- **Dataset records**:
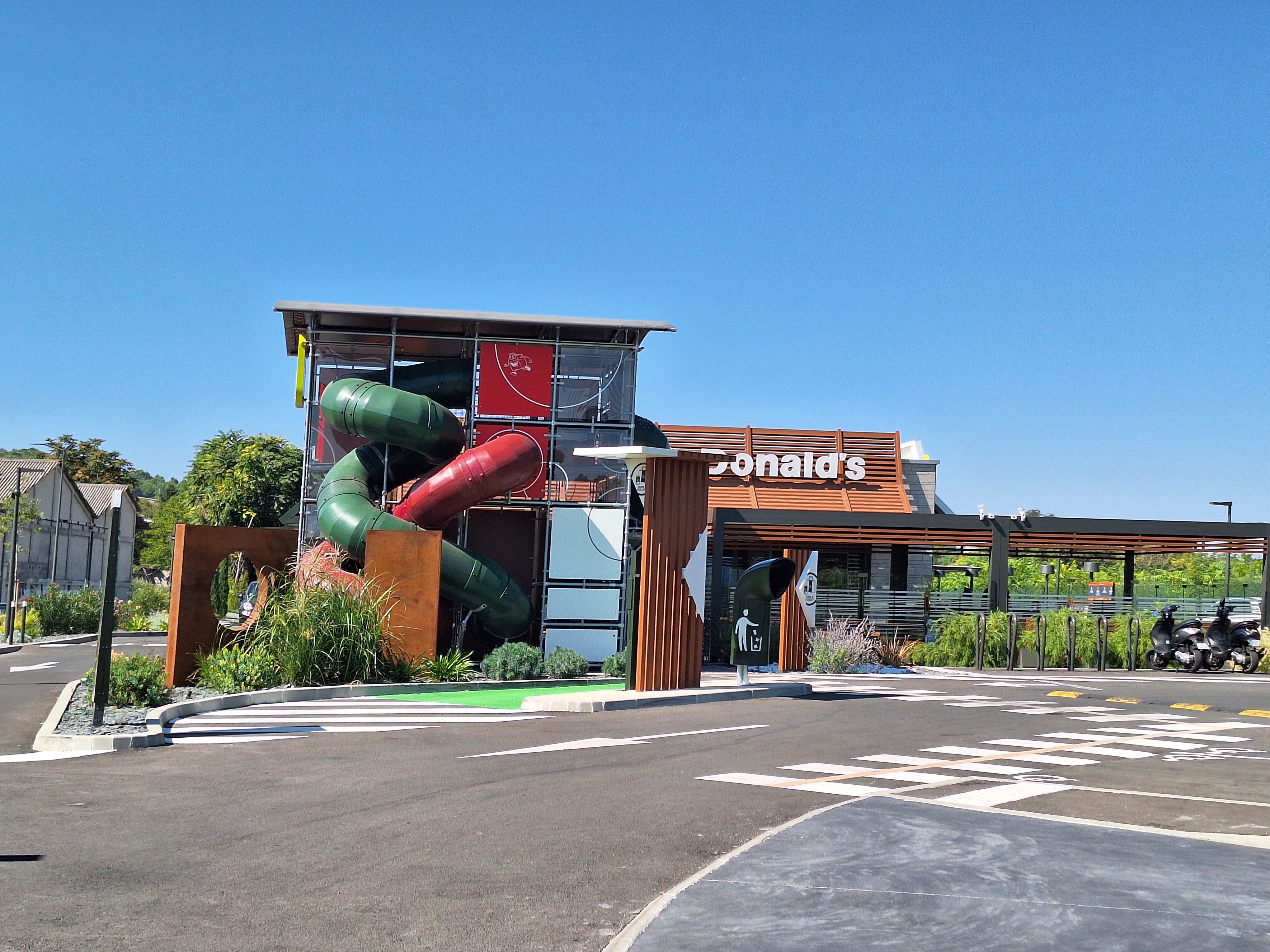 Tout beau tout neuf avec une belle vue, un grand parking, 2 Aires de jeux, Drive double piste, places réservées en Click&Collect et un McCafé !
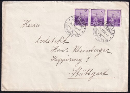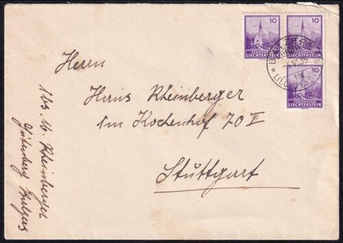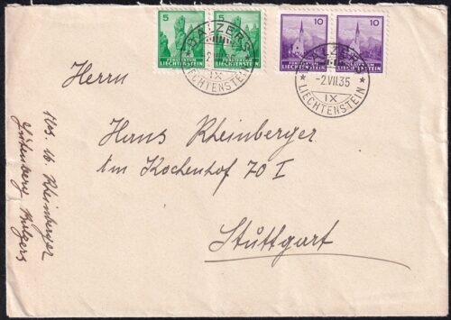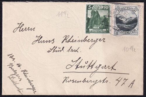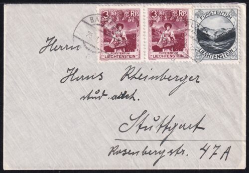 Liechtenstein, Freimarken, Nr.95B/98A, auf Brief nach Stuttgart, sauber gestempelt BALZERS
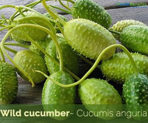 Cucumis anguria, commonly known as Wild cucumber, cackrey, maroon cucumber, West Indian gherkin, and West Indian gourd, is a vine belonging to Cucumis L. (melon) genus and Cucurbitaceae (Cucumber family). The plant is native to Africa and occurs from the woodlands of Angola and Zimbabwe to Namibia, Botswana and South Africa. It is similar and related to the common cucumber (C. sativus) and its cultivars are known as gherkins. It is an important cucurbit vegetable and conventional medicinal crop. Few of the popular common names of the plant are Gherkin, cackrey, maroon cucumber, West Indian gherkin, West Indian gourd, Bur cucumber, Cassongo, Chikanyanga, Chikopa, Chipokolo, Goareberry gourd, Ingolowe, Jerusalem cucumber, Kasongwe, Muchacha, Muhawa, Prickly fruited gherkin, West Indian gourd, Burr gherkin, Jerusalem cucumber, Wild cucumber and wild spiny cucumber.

==

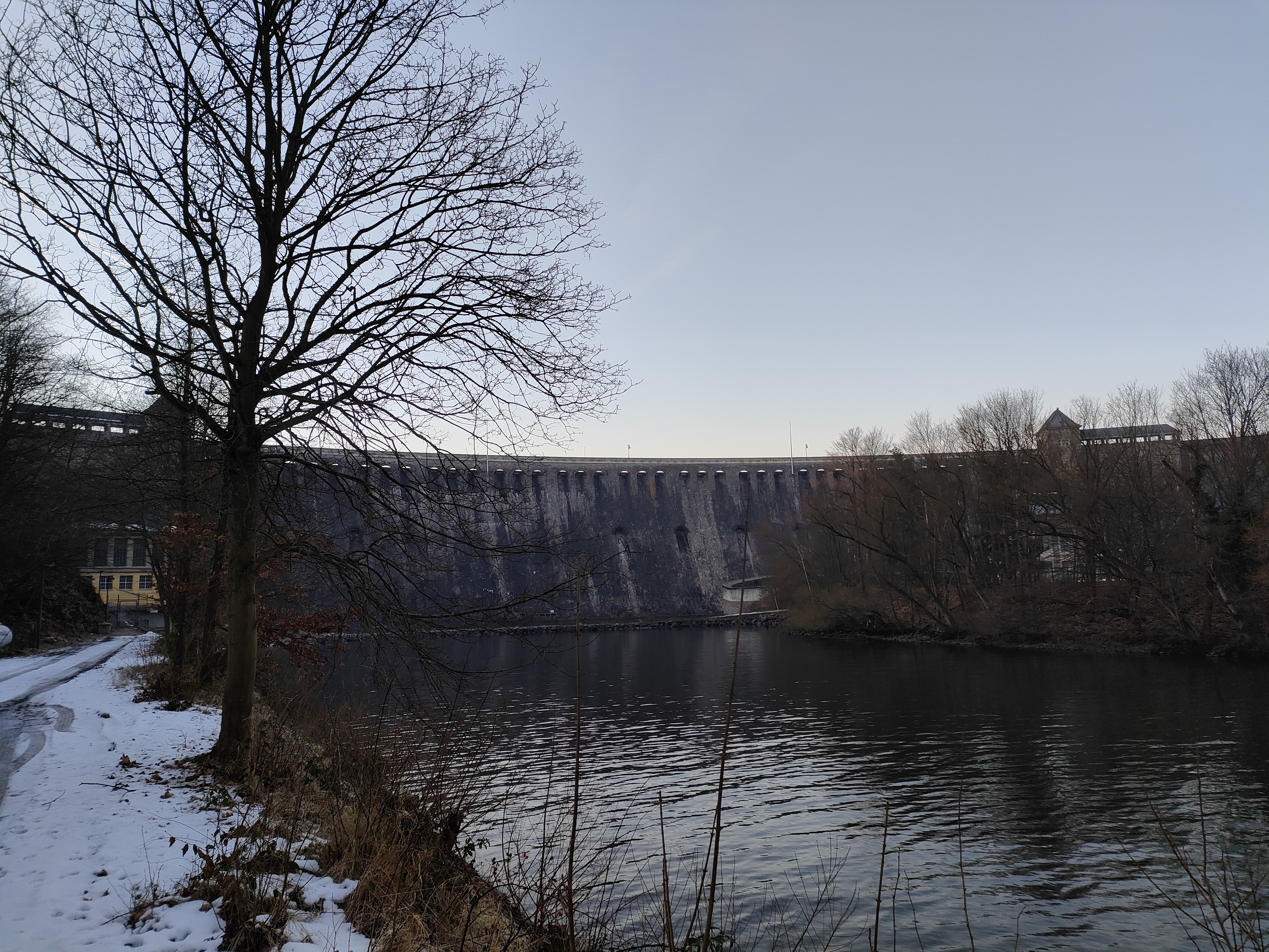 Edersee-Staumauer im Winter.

---

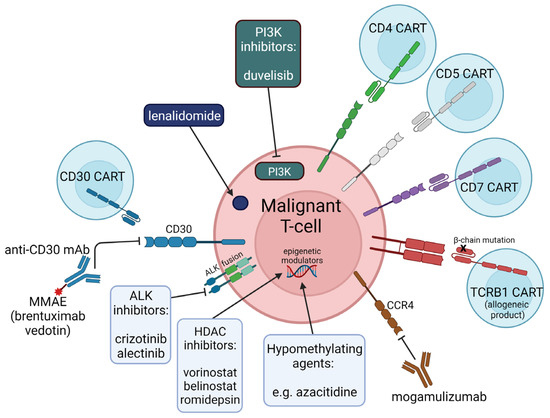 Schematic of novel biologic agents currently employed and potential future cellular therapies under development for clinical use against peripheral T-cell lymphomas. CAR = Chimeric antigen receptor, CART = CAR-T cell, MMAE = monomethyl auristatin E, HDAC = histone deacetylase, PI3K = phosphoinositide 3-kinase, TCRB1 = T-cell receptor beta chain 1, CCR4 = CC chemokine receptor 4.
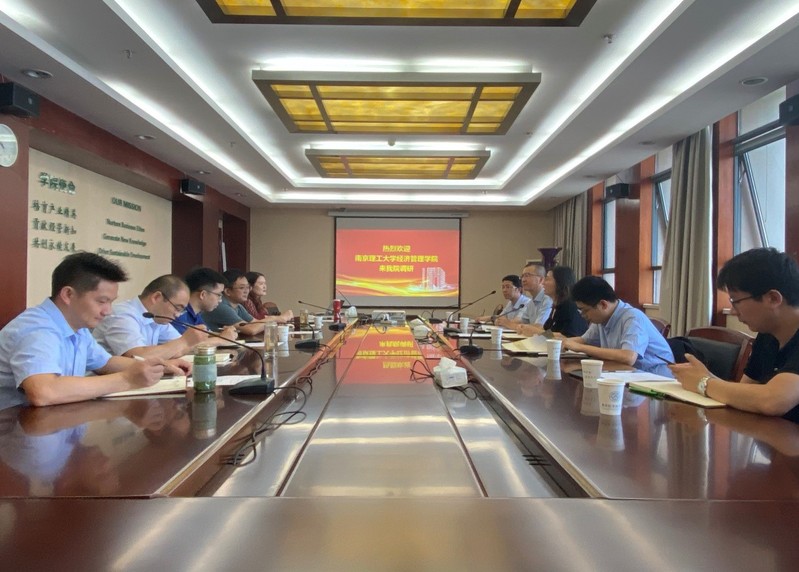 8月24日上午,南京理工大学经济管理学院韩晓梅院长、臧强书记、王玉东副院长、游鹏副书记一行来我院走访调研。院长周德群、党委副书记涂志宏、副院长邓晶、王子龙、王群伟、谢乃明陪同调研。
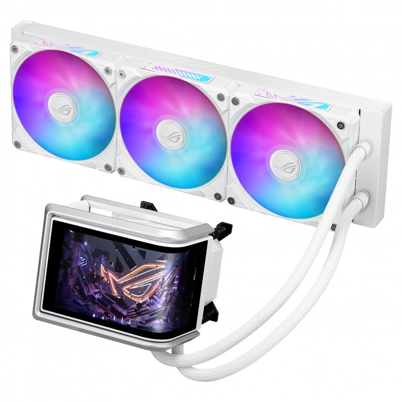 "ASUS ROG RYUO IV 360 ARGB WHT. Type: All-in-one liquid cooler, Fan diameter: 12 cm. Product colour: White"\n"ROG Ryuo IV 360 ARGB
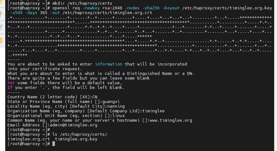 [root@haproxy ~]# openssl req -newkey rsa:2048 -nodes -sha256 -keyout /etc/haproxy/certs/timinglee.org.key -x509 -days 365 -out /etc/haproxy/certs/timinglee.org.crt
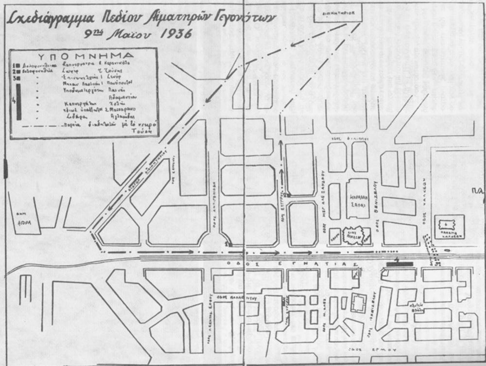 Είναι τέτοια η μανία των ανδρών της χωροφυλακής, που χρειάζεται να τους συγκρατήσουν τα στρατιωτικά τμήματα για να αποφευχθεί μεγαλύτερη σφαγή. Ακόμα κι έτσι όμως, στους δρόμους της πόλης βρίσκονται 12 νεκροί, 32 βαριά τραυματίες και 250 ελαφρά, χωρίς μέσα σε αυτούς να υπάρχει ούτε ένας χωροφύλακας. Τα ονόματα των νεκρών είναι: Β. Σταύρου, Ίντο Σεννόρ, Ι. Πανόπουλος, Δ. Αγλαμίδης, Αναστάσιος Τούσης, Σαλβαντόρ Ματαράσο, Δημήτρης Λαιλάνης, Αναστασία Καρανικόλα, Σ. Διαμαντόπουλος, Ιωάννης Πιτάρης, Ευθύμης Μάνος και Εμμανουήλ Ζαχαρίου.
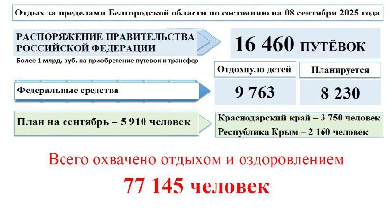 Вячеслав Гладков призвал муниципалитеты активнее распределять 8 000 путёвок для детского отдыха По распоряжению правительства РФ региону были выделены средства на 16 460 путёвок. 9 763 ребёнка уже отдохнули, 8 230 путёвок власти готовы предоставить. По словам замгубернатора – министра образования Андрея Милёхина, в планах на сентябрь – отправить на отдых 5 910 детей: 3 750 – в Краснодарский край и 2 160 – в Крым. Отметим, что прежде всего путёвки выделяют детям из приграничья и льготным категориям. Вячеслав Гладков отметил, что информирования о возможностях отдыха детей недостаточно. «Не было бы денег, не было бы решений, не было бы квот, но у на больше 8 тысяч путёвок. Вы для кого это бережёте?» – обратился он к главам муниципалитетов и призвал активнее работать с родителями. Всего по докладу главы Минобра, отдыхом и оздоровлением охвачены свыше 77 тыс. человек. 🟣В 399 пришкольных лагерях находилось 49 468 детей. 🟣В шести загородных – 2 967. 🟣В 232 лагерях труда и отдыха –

- **Work item**: Above are records; write out the lines from the one with "360 ARGB WHT." down to the one with "[root@haproxy ~]# openssl", exactly, leaving the pictures out.

- **Reply to the exercise**:
 "ASUS ROG RYUO IV 360 ARGB WHT. Type: All-in-one liquid cooler, Fan diameter: 12 cm. Product colour: White"\n"ROG Ryuo IV 360 ARGB
 [root@haproxy ~]# openssl req -newkey rsa:2048 -nodes -sha256 -keyout /etc/haproxy/certs/timinglee.org.key -x509 -days 365 -out /etc/haproxy/certs/timinglee.org.crt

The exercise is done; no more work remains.